You have to calculate the minimal time to approach Angel. (We can move only UP, DOWN, LEFT and RIGHT, to the neighbor grid within bound, of course.)
Input
First line contains two integers stand for N and M.
Then N lines follows, every line has M characters. “.” stands for road, “a” stands for Angel, and “r” stands for each of Angel’s friend.
Process to the end of the file.
Output
For each test case, your program should output a single integer, standing for the minimal time needed. If such a number does no exist, you should output a line containing “Poor ANGEL has to stay in the prison all his life.”
Sample Input
7 8
#.#####.
#.a#…r.
#…#x…
…#…#.#
#…##…
.#…
…
Sample Output
13
解题思路:
题目中这句==and “r” stands for each of Angel’s friend.==像我们暗示了可能Angel的朋友不止一个, 而对于这种显而易见的搜索题目而言, 我们选择单一起点跑多结果路线要比选多起点跑单一结果路线要舒服很多. 由于本题天使只有一个, 我们不妨从天使的角度出发, 看看她能否到达每一位朋友身边, 如果能, 那我们选出用时最少的.
AC代码:
#include <bits/stdc++.h>
using namespace std;
#define ll long long
#define MAXN 205
char a[MAXN][MAXN]; int m, n; /* 存图 */ int ans = 0x7fffffff; //结果
bool vis[MAXN][MAXN]; //用来标记是否已经到过这个点
int fx[][2] = { 1, 0, -1, 0, 0, 1, 0, -1 };
void dfs(int x, int y, int cou) //搜索, 当前所处 x行y列 已用时cou
{
if (cou >= ans) return; //如果走当前这一步用时已经比结果要大了, 那就没必要在走下去了
if (a[x][y] == 'r') { ans = cou; return; } //能到这一步, 说明此时的用时一定比ans要小, 所以更新结果
for (int i = 0; i < 4; i++) {
int dx = x + fx[i][0]; int dy = y + fx[i][1];
if (dx < 1 || dy < 1 || dx > m || dy > n || vis[dx][dy] || a[dx][dy] == '#') continue;
vis[dx][dy] = 1; //能到这一步, 一定是能跑到(dx, dy)的.

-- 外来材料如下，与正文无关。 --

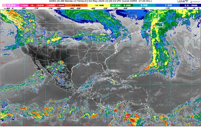 Canales de baja presión asociados con divergencia en la atmósfera superior originarán nubosidad densa y lluvias con descargas eléctricas, granizadas y fuertes vientos en el noroeste, oriente y sureste del territorio nacional.
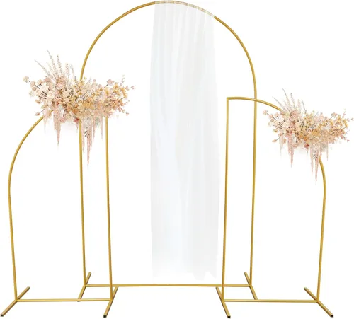 El paquete incluye: 1 arcos de boda mejorados de 55.1 x 86.6 pulgadas y 2 arcos de boda mejorados de 31.4 x 62.9 pulgadas para ceremonia. El arco de jardín alarga el soporte de doble barra, hace que el soporte sea más estable, más resistente al viento. Arco de globos hecho de material de metal de alta calidad, mejor capacidad de carga. Acabado con recubrimiento en polvo que no se oxida fácilmente, se puede utilizar en interiores o exteriores. Puedes decorar el arco de boda con globos, guirnaldas, guirnaldas de tul, tiras de luces. Arco geométrico irregular para decoración de bodas, ceremonias, cumpleaños, baby shower.
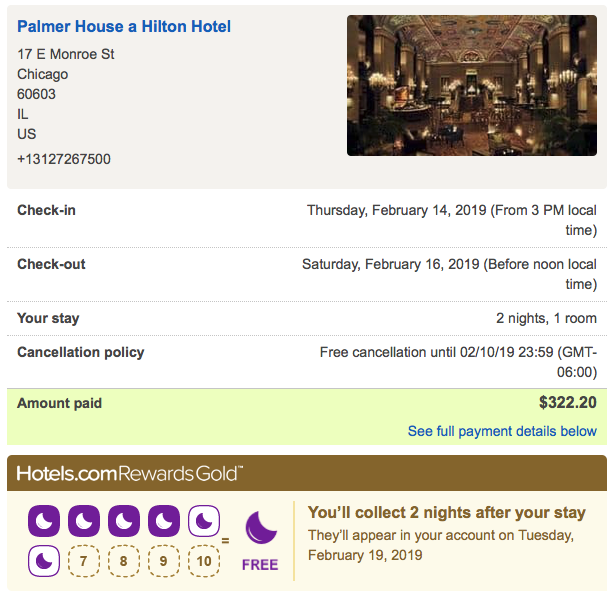 We booked the first two nights of the stay via Hotels.com, so TPG could collect night credits and 10x miles with his Capital One Venture Rewards credit card, at a total cost of $322, including taxes and fees. Since I had a wedding to attend at the hotel over the weekend, I booked a third night directly with Hilton in order to maximize my Diamond benefits — a perk of the Hilton Honors American Express Aspire Card — and earn points within the Hilton Honors program, instead.
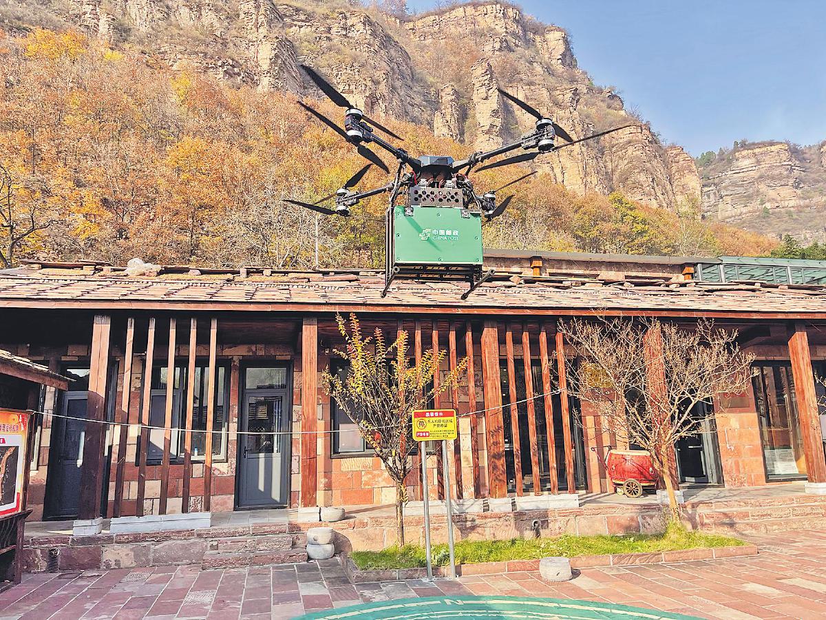 石板巖鎮地處太行山深處,17個行政村散落于群山之中。今年6月以來,安陽市郵政分公司在石板巖鎮開通12條低空郵路,讓村民在村頭就能完成“從田間到云端”的寄遞,農產品出山時間壓縮至20分鐘內。
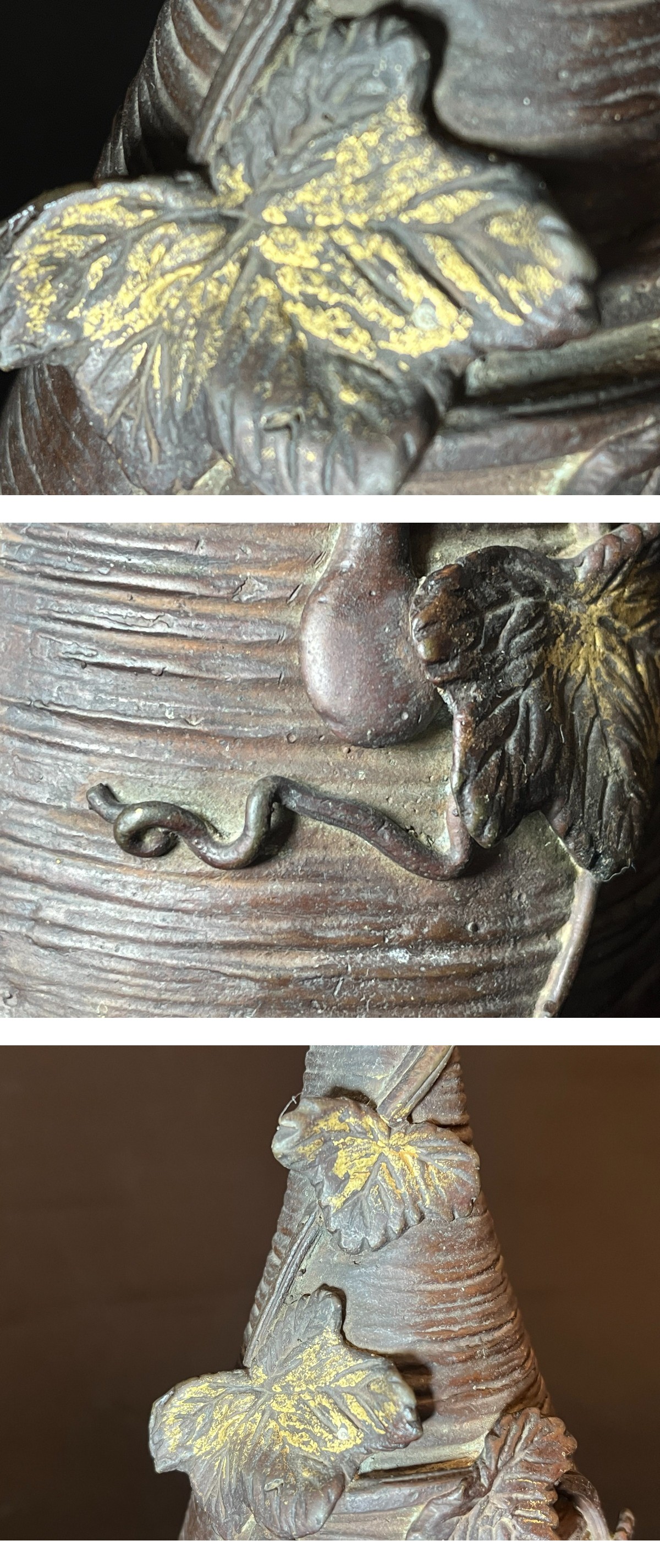 | 商品説明 | 金細工 蝸牛 葵弦金張 明治金工 銅製花瓶 時代物、初蔵出。 寸法:高27.2cm 巾最大7.5cm 重量534g 収集家所有物。画像の物が全てです。 時代物にて埃や銅錆などはご了承願います。 お探しの方いましたらご覧ください。 |
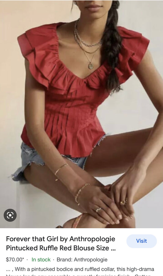 Anthropologie Forever that Girl Red Ruffle Pintuck Tank(XS)
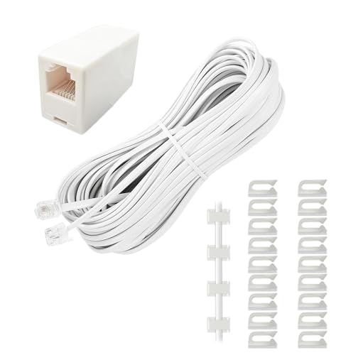 電話線モジュラーケーブル5m。6極4芯RJ11仕様で、オステレホンやファクシミリ、モデムに対応。軽量で爪折れ防止、ケーブルクリップ10個、インラインカプラー1個付き。剥がしても跡が残らないホワイトカラー。
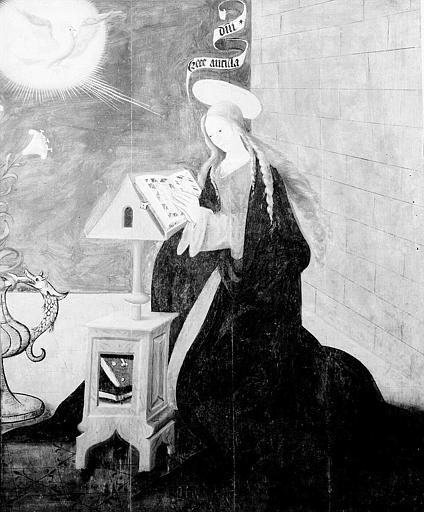 La Dormition de la Vierge, au revers la Vierge de l'Annonciation, panneaux peints. Cette peinture sur bois est sans doute le volet de droite d'un retable, dont les autres panneaux sont perdus. Sur la Dormition, la Vierge porte une robe rouge avec un crêpe noir. Le lit est recouvert d'une draperie rouge. L'ensemble comporte dix personnages et deux anges.
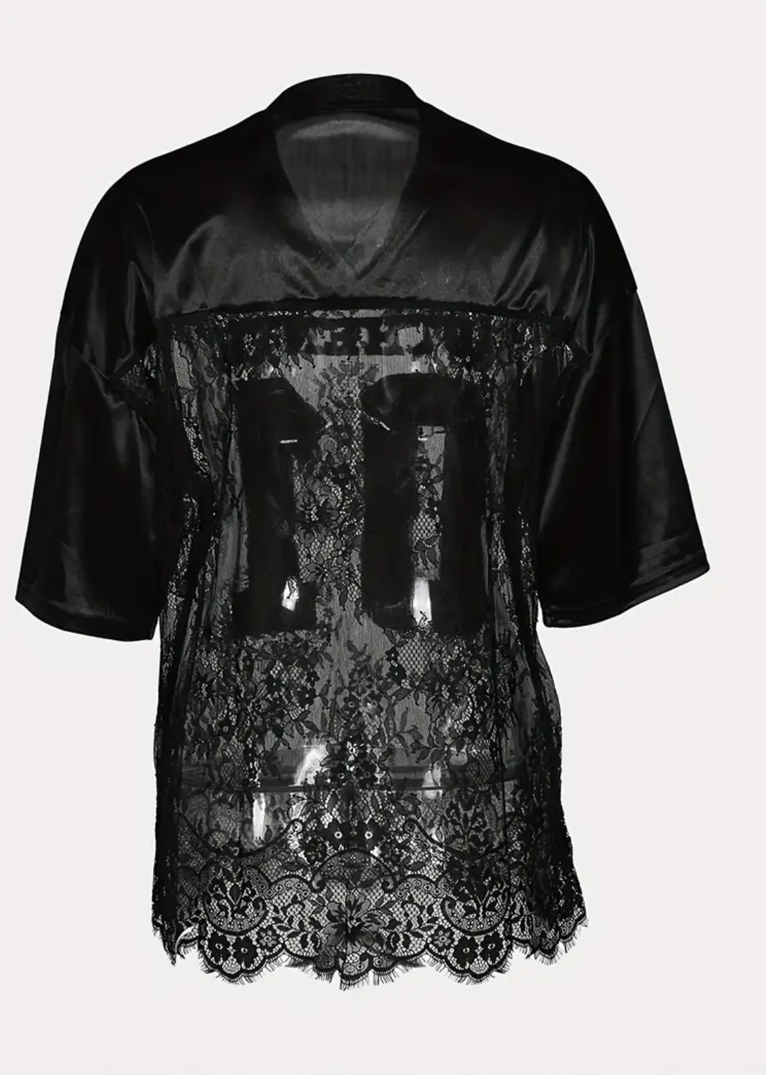 Get in the game with this sexy football jersey. Lace and satin-like jersey will have you standing out in a crowd. Runs more fitted than oversized, not much stretch, poly/elastane material and soooo cute!
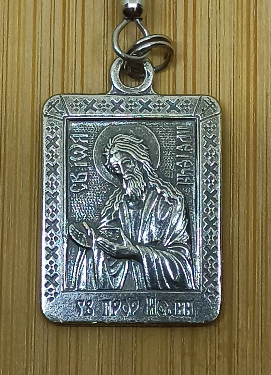 Крестик 10х8х4,5 мм, прямоугольная иконка-подвеска 25х18х2 мм, две овальных бусины-разделителя с крестиками 10х8х5 мм, нижняя 8 мм.
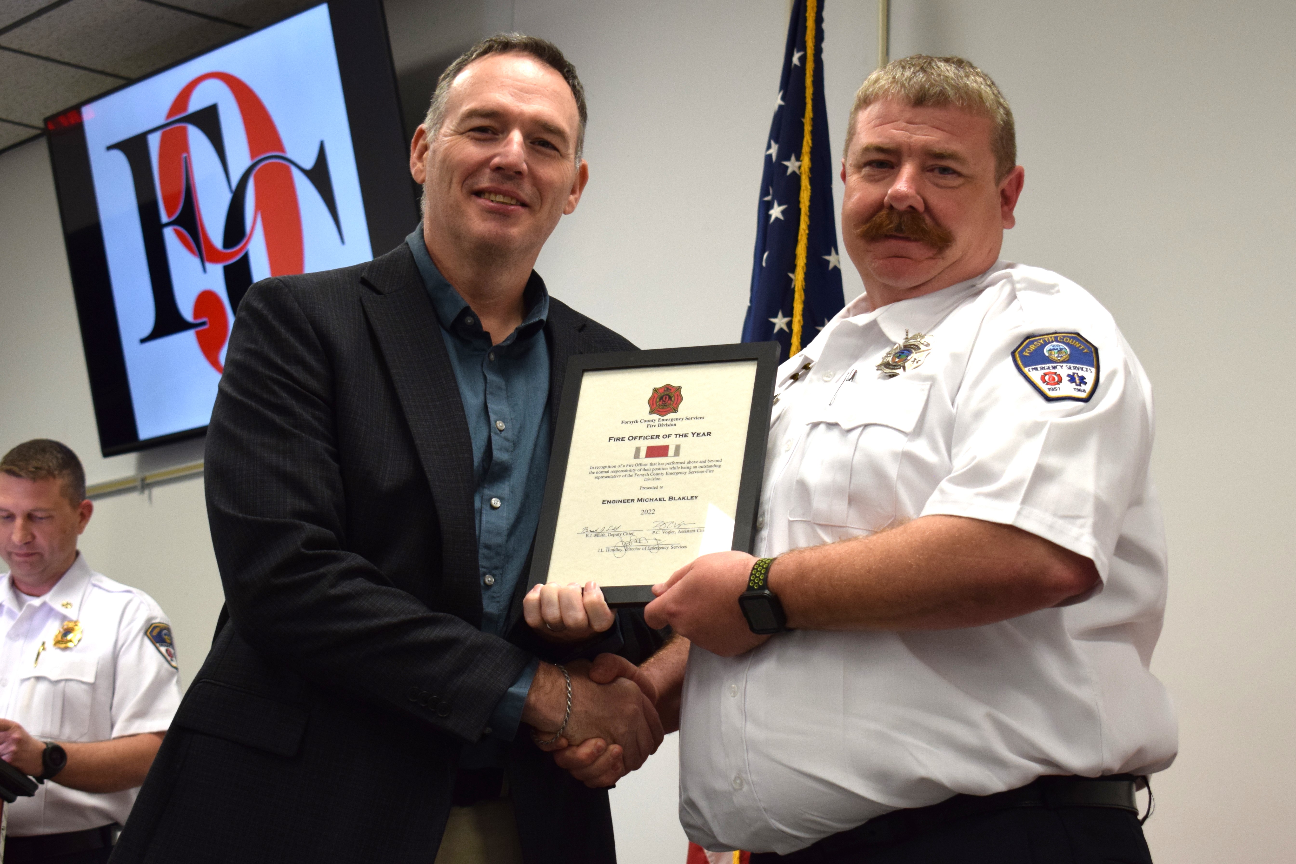 Engineer Mike Blakley receives a Fire Officer of the Year
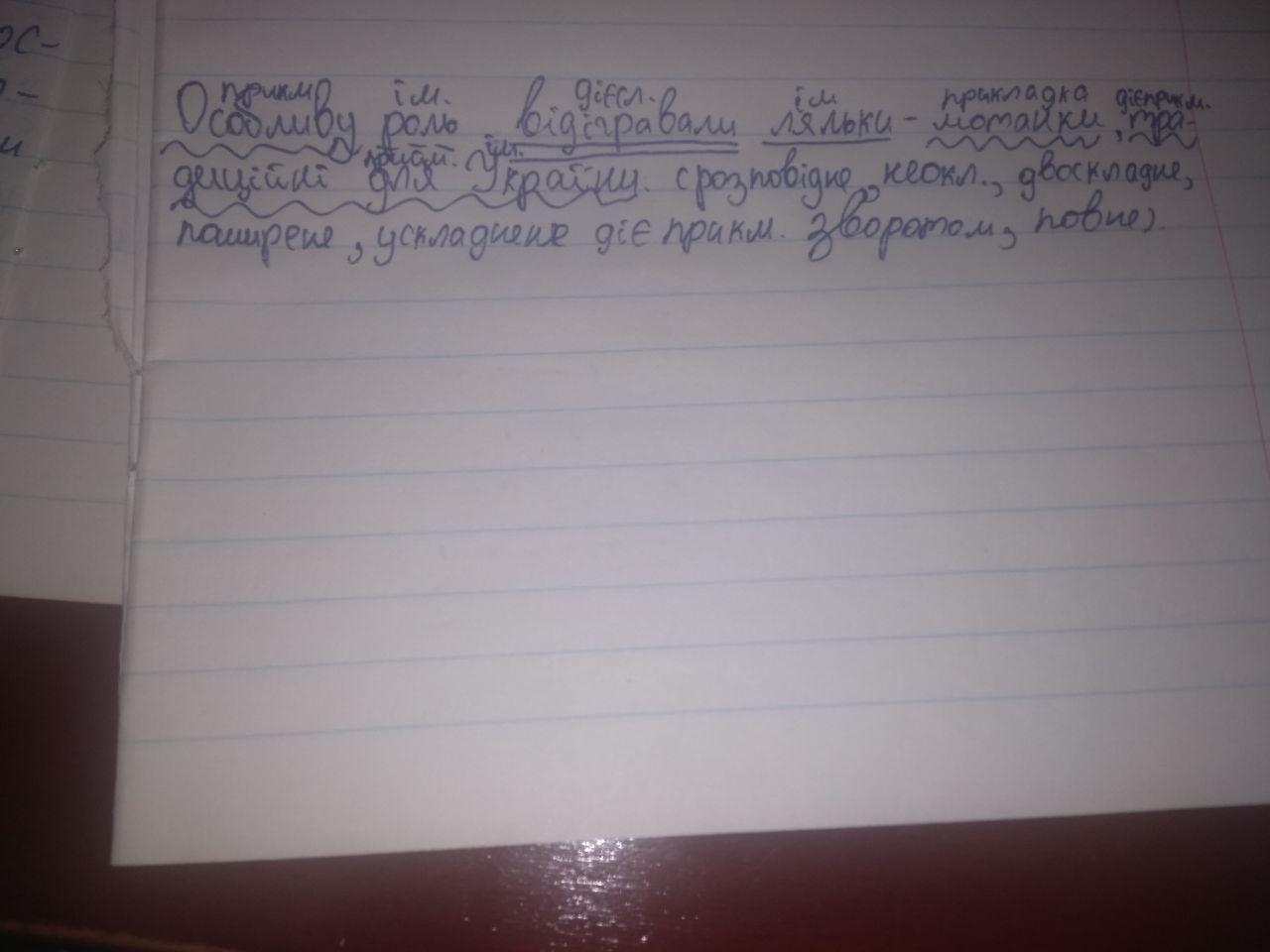 Зробіть будь ласка на аркуші синтаксичний розбір речення «Особливу роль відігравали ляльки-мотанки, традиційні для України» на рівні 8 класу, тобто зі зворотами, якщо є, з надписами частин мови і підкресленням членів речення.

if (a[dx][dy] == 'x') dfs(dx, dy, cou + 2);
else dfs(dx, dy, cou + 1);
vis[dx][dy] = 0; //别忘了回溯
}
}
int main(void)
{
while (cin >> m >> n) {
ans = 0x7fffffff; int x, y; //x, y存天使位置
for (int i = 1; i <= m; i++) {
scanf("%s", a[i] + 1); //这里不推荐%c一个个读, 首先由于空行要用getchar()函数抵消的问题, 我们并不能保证空格个数.
//其次, 由于scanf是一个函数, %c调用次数会很多, 其实效率不如%s快, 哪怕在经过一轮循环.
for (int j = 1; j <= n; j++) if (a[i][j] == 'a') { x = i, y = j; }
}
dfs(x, y, 0);
if (ans != 0x7fffffff) cout << ans << endl;
else cout << "Poor ANGEL has to stay in the prison all his life." << endl;
}
return 0;
}
而对于本题而言, 给我们的经验总结就是, 对于起点复杂, 终点简单的搜索题而言, 将终点和起点互换有时不失为一种好方法.
关于%s和%c的问题我还是想多说几句, 我以前总感觉%c好, 因为读图判断也是要一个个字符判断是不是’a’字符, 那我为什么不%c去读呢. 直到有一个题, 我一直被T, 后来发现是%c的问题, 改成%s就过了, 当时我整个人差点原地爆炸.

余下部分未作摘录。